▶ EXERCISE AIM: For this task, output exactly the lines of the material below starting at the line with "为助力研究生明确学术发展方向" and ending at the line with "体育の時間はいつも楽しそうな"; pictures are to be excluded.

▶ PROVIDED RECORDS:

- - - - -

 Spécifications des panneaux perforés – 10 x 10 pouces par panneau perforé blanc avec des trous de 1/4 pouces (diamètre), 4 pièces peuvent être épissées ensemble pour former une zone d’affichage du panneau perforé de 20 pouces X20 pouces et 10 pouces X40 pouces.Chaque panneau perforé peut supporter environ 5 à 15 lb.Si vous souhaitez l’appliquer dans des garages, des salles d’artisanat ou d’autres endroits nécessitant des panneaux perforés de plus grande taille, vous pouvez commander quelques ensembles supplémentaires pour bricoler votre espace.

- - - - -

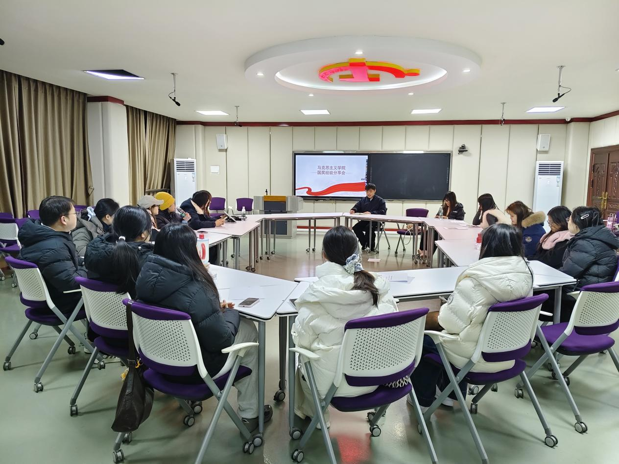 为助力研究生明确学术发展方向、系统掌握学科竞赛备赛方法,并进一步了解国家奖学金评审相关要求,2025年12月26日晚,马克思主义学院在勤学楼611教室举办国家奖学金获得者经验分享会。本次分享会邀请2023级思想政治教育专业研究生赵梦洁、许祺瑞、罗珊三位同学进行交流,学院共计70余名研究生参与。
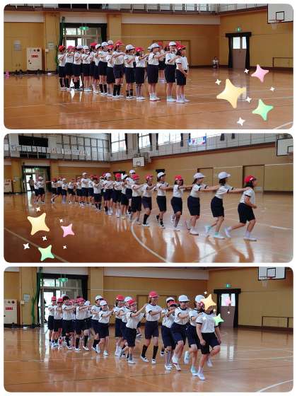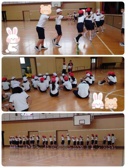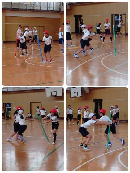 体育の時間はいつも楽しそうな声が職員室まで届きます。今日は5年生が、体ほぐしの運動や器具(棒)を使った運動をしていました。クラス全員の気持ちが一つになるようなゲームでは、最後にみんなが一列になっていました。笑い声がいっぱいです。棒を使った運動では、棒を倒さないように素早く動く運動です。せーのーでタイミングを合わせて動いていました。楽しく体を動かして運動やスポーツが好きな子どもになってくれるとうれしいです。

- - - - -

▶ WRITTEN RESPONSE:
 为助力研究生明确学术发展方向、系统掌握学科竞赛备赛方法,并进一步了解国家奖学金评审相关要求,2025年12月26日晚,马克思主义学院在勤学楼611教室举办国家奖学金获得者经验分享会。本次分享会邀请2023级思想政治教育专业研究生赵梦洁、许祺瑞、罗珊三位同学进行交流,学院共计70余名研究生参与。
 体育の時間はいつも楽しそうな声が職員室まで届きます。今日は5年生が、体ほぐしの運動や器具(棒)を使った運動をしていました。クラス全員の気持ちが一つになるようなゲームでは、最後にみんなが一列になっていました。笑い声がいっぱいです。棒を使った運動では、棒を倒さないように素早く動く運動です。せーのーでタイミングを合わせて動いていました。楽しく体を動かして運動やスポーツが好きな子どもになってくれるとうれしいです。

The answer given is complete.